--- Exercise prompt ---
Write out the listing below in its entirety, minus the pictures, without changing a word.

--- Supplied data ---
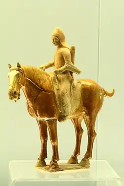 Eine tang-zeitliche Dreifarben-Keramik eines zentralasiatischen Pferdes mit Reiter. Neben dem hochbeinigen Pferd verweist insbesondere die Kleidung des Reiters mit dem „Schlapphut“, den weiten, dreiviertellangen Hosen und den Stiefeln auf eine zentralasiatische Herkunft.
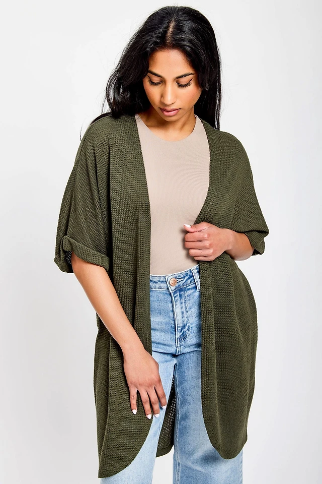 Lightweight 3/4 Sleeve Waffle Knit Cardigan
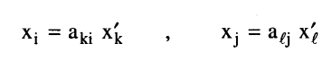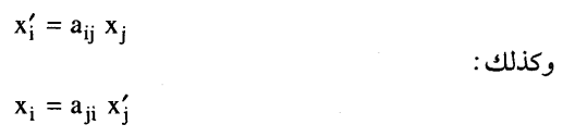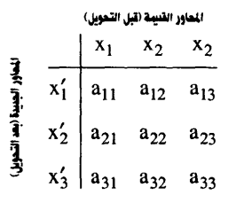 حيث alj ، aki هي جيوب تمام الاتجاهات الخاصة بالمحاور بعد التحويل x' بالنسبة للمحاور قبل التحويل x.

--- Exercise response ---
 Eine tang-zeitliche Dreifarben-Keramik eines zentralasiatischen Pferdes mit Reiter. Neben dem hochbeinigen Pferd verweist insbesondere die Kleidung des Reiters mit dem „Schlapphut“, den weiten, dreiviertellangen Hosen und den Stiefeln auf eine zentralasiatische Herkunft.
 Lightweight 3/4 Sleeve Waffle Knit Cardigan
 حيث alj ، aki هي جيوب تمام الاتجاهات الخاصة بالمحاور بعد التحويل x' بالنسبة للمحاور قبل التحويل x.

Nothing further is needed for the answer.